Navigating today’s low interest rate environment
16th November, 2020
- Cash has always carried a price in the form of opportunity cost - potentially foregoing strong capital market returns with cash that is surplus to short term needs.
- The real risk to long horizon investors is loss of purchasing power due to inflation and cash has a significant exposure to this cost.
There are myriad reasons why investors hold cash. Unquestionably, however, often a considerable portion of uninvested cash is not needed to meet short-term spending requirements. The risk of not meeting your financial goals rises in proportion to the levels of uninvested surplus cash that is held as the cost of long-term needs increase over time.
This article aims to highlight the explicit and implicit costs to holding unnecessarily high levels of cash in today’s low interest rate environment, and how you could potentially allocate and structure your wealth to help meet your long-term objectives.
Confusing certainty for security
The impulse to protect what we have is instinctive in us all. This applies to all manner of possessions, not least our wealth. The recent decision by banks to further lower interest rates for cash on deposit has understandably struck a chord.
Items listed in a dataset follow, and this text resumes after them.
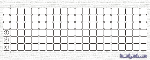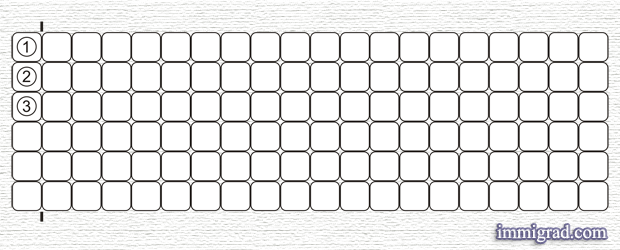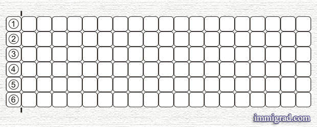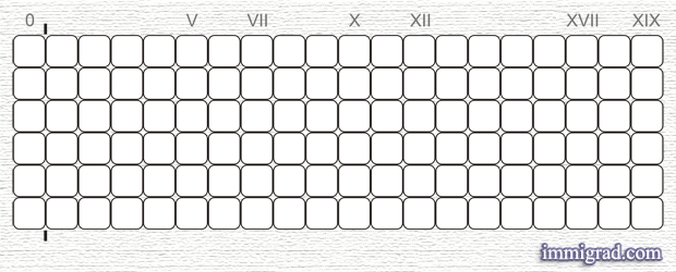Лады будут располагаться вертикально слева направо. Самый крайний левый столбец - это нулевой лад, на нём звучат неприжатые струны гитары. Обозначается он цифрой «0». Последующие за ним лады требуют прижатия струн, располагающихся над ними, левой рукой. Обозначаются гитарные лады римскими цифрами. Если Вы их не знаете, то пришло время изучить: I, II, III, IV, V, VI, VII, VIII, IX, X, XI, XII, XIII, XIV, XV, XVI, XVII, XVIII, XIX.
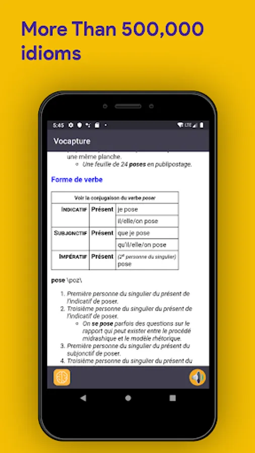 Vocapture is the leading Spanish dictionary app for Android – with over 600,000 definitions from the Spanish Wiktionary. It works entirely offline without any further file to download!. Install the dictionary for access to definitions whenever you need them.
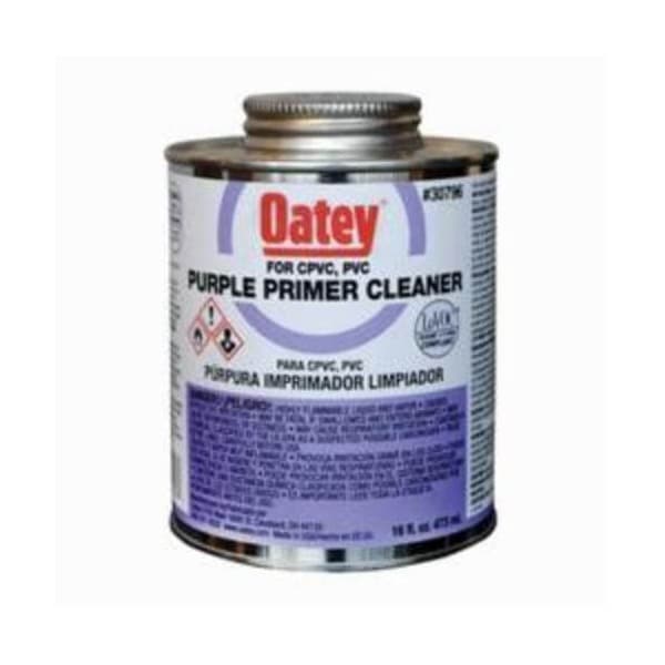 Oatey pipe Primer/Cleaner all purpose, 16 oz, 1.05 lb net weight, translucent liquid, purple, solvent, 180 g/L VOC, -4°F flash, composition: acetone, cyclohexanone, 0.79 specific gravity.
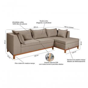Cor: Linho | Altura: 95 | Peso do Produto: 70 | Garantia do Fabricante: 3 | Tonalidade: Bege | Cômodo Indicado: Salas | Produto: Sofá | Tipo de Tecido: Linho | Quantidade de Lugares: 3 | Complexidade de Montagem: Baixa: pode ser montado por uma pessoa leiga | Conservação e Manutenção do Produto: Não utilizar produtos químicos | Largura: 280 | Tipo do Sofá: com Chaise | Capacidade de Peso: 300 | Tempo Estimado de Montagem: 5 | Comprimento: 280 | Assento Retrátil: Não Retrátil Cor: Linho 201
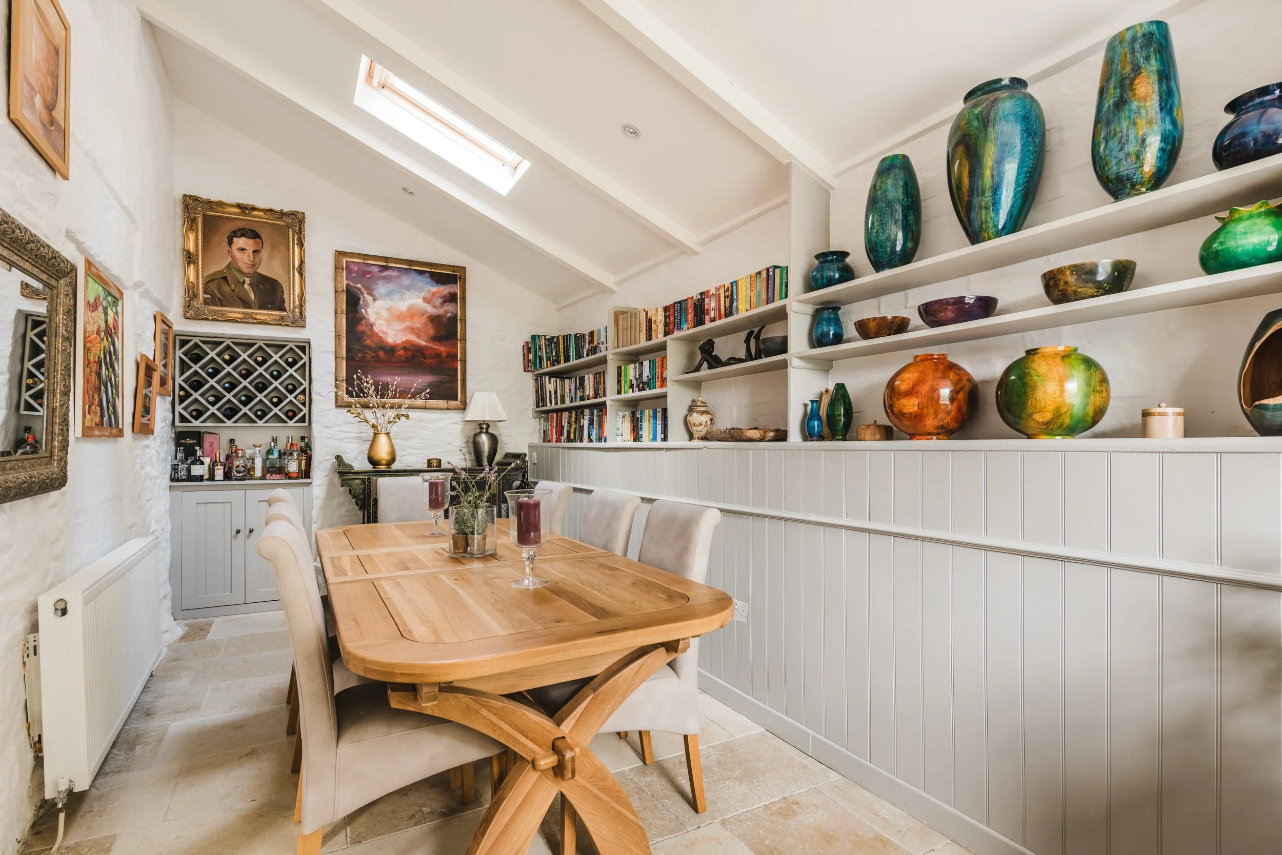 A separate dining room with room for a long table is accessed through a useful study/office area, while the sitting room lies at the rear of the house with its granite fireplace and access through to the utility room, a bathroom and rear staircase.

All investors should have immediate liquidity requirements addressed as part of their financial plan, meaning there are legitimate reasons for holding cash in a portfolio. However, to the extent that the amount of cash held goes beyond requirements for short term expenses, the reasons provided are generally a variant on a constant ‘safety’ or ‘peace of mind’ theme. This is, however, confusing certainty for security.
- Does cash provide certainty? Unequivocally yes. We are certain about the direction of deposit interest rates and that cash holdings will be negatively impacted.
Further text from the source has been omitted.